EXERCISE OBJECTIVE | Exactly the lines from the one holding "A Monza, nel" through the end of the material below must be printed, nothing more, and the pictures must be dropped.

DATASET CONTENT Block Start

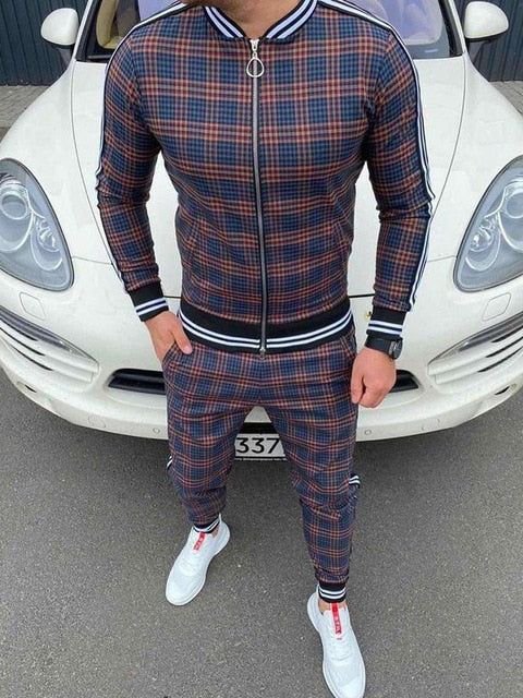 Fashion Casual Plaid Printed Sports Two-Piece Set
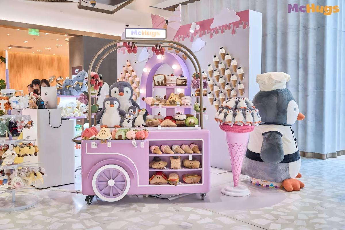8月1日,英国毛绒玩具品牌McHugs在上海的两家门店同时开业。静安店是该品牌在中国的首家大型自营店,面积约160平方米,展示了多个系列的玩偶及相关配件,并设有多个主题展区,带来沉浸式体验。与此同时,前滩太古里的限时概念空间“企鹅冰冰美食铺”也同步开幕,场内设置了多种互动装置,旨在吸引年轻消费者和家庭客群。
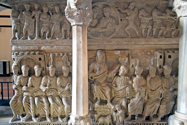 A Monza, nel tesoro della cattedrale, c’è un dittico che ritrae Stilicone in una posa severa, con lo scudo e la lancia tipiche del legionario tardoantico: il suo sguardo è severo ma non autoritario, profondo e compassato: di fianco c’è sua moglie Serena e suo figlio Eucherio, tutti e tre hanno fatto una triste fine. Andateli a vedere, vale davvero la pena. Poco lontano, nella chiesa di Sant’Ambrogio, a Milano, c’è un curioso sarcofago Romano, spesso attribuito a Stilicone senza che ce ne sia alcuna prova: incorporato nell’ambone medioevale, questa ingarbugliata scultura, metà pagana e metà cristiana, di incerta provenienza, difficile da decifrare, di caratteristiche nobili e in definitiva con qualcosa di strano all’ apparenza, ne rappresenta abbastanza bene la figura storica. Risale certamente all’inizio del quinto secolo e non è mai stato mosso: credo sia francamente possibile che il generale sia stato seppellito nella chiesa del grande vescovo di Milano che lui aveva conosciuto personalmente. Ogni tanto, quando vivevo a Milano, mi piaceva passeggiare nella chiesa e avvicinarmi al sarcofago, dedicando un pensiero a Stilicho, il figlio di un semplice ufficiale di cavalleria Vandalo, un uomo che si era fatto da sé fino a diventare un imperatore senza corona. Per me fu e sarà sempre un vero Romano, degno dei più grandi.
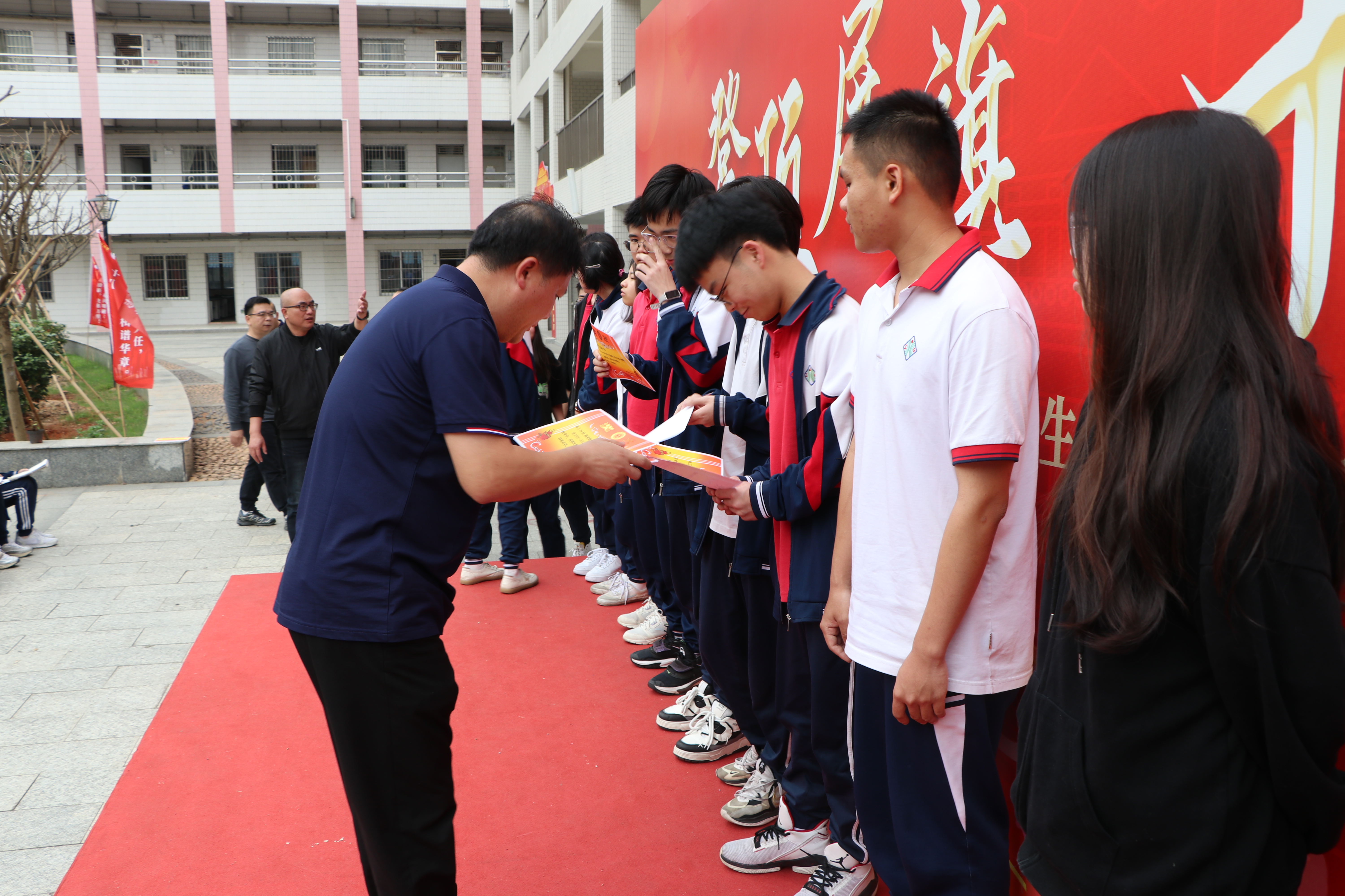 在这个春光明媚的日子里,高三师生在胜利广场举行3月模拟考试表彰大会。本次表彰大会由潘浩才主任主持,余副校长和沈主任担任颁奖嘉宾。上台受表彰的有两类同学:成绩特优秀和进步特等奖的同学。

DATASET CONTENT Block End

TASK SOLUTION |
 A Monza, nel tesoro della cattedrale, c’è un dittico che ritrae Stilicone in una posa severa, con lo scudo e la lancia tipiche del legionario tardoantico: il suo sguardo è severo ma non autoritario, profondo e compassato: di fianco c’è sua moglie Serena e suo figlio Eucherio, tutti e tre hanno fatto una triste fine. Andateli a vedere, vale davvero la pena. Poco lontano, nella chiesa di Sant’Ambrogio, a Milano, c’è un curioso sarcofago Romano, spesso attribuito a Stilicone senza che ce ne sia alcuna prova: incorporato nell’ambone medioevale, questa ingarbugliata scultura, metà pagana e metà cristiana, di incerta provenienza, difficile da decifrare, di caratteristiche nobili e in definitiva con qualcosa di strano all’ apparenza, ne rappresenta abbastanza bene la figura storica. Risale certamente all’inizio del quinto secolo e non è mai stato mosso: credo sia francamente possibile che il generale sia stato seppellito nella chiesa del grande vescovo di Milano che lui aveva conosciuto personalmente. Ogni tanto, quando vivevo a Milano, mi piaceva passeggiare nella chiesa e avvicinarmi al sarcofago, dedicando un pensiero a Stilicho, il figlio di un semplice ufficiale di cavalleria Vandalo, un uomo che si era fatto da sé fino a diventare un imperatore senza corona. Per me fu e sarà sempre un vero Romano, degno dei più grandi.
 在这个春光明媚的日子里,高三师生在胜利广场举行3月模拟考试表彰大会。本次表彰大会由潘浩才主任主持,余副校长和沈主任担任颁奖嘉宾。上台受表彰的有两类同学:成绩特优秀和进步特等奖的同学。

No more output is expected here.